### [Task instructions]
Everything from the first line of the material to the line containing "Communiedoos met naam", inclusive, must be given again exactly; no pictures, and nothing past that line.

### [Data to use]
************

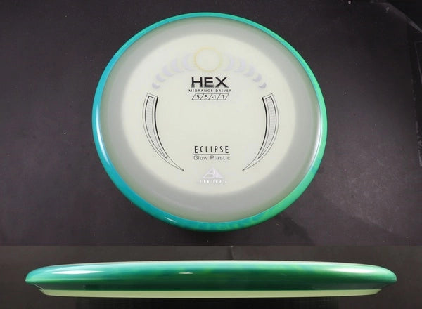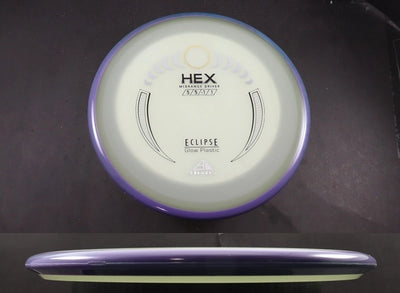 The Axiom Hex in Eclipse 2.0 plastic brings the fan-favorite straight midrange into one of the brightest and most durable glow plastics available. Eclipse 2.0 offers a slightly firmer feel with exceptional grip and industry-leading glow performance, making the Hex a trustworthy option for both day and night rounds. Its shallow, clean profile and beadless rim pair perfectly with this stable glow blend, giving players unmatched control on technical lines.
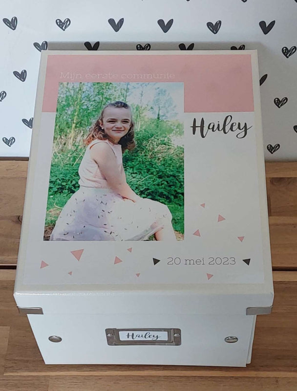 Communiedoos met naam en ''foto en kleine driehoekjes'' jongen of meisje
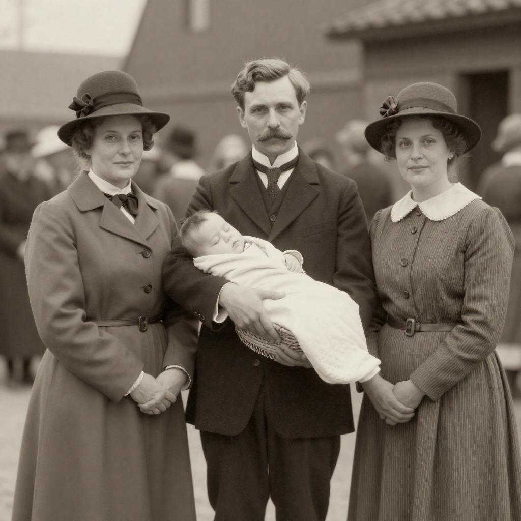 Sepia-toned photograph featuring a man and a woman dressed in early 20th-century attire. The man stands wearing a dark three-piece suit, bow tie, and a light-colored fedora hat, holding a vintage camera. The woman is seated on stone steps, dressed in a white lace-trimmed dress and wide-brimmed hat, also holding a vintage camera. The woman looks directly at the camera while the man gazes away. The background includes blurred foliage and architectural elements.
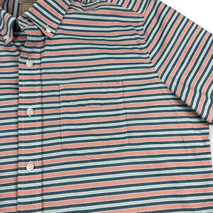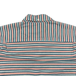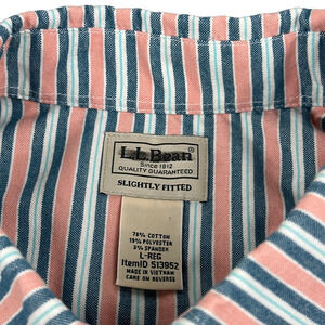 LL Bean Shirt Adult LARGE Salmon Pink Pastel Striped Button Up Mens Gray Blue
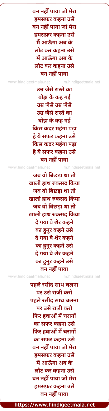 Lyrics of Ban Nahi Paya Jo Mera Humsafar - बन नहीं पाया जो मेरा हमसफ़र
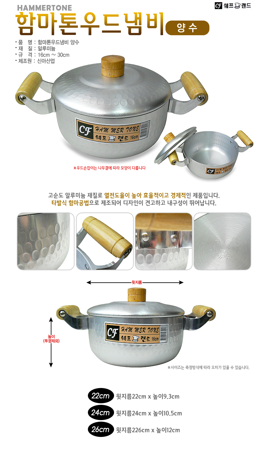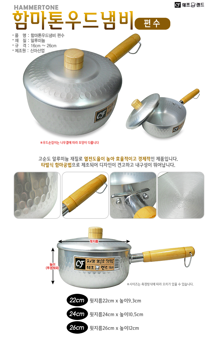 셰프랜드 함마톤 우드 양수 편수 22cm 24cm 26cm
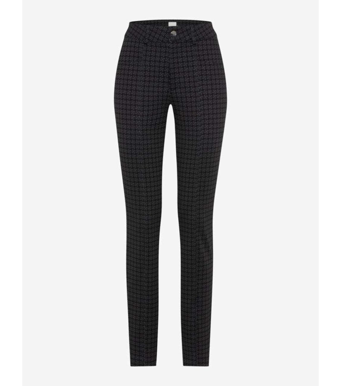 Brax STYLE.SHAKIRA S. Dit regular fit model sluit door middel van een knoop en ritsaansluiting en heeft ceintuurlussen. Deze zwarte Brax broek is bewerkt met een grafisch patroon. Dit model is voorzien van twee steekzakken aan de voorzijde en twee paspelzkken aan de achterzijde.

************

### [Reply]
 The Axiom Hex in Eclipse 2.0 plastic brings the fan-favorite straight midrange into one of the brightest and most durable glow plastics available. Eclipse 2.0 offers a slightly firmer feel with exceptional grip and industry-leading glow performance, making the Hex a trustworthy option for both day and night rounds. Its shallow, clean profile and beadless rim pair perfectly with this stable glow blend, giving players unmatched control on technical lines.
 Communiedoos met naam en ''foto en kleine driehoekjes'' jongen of meisje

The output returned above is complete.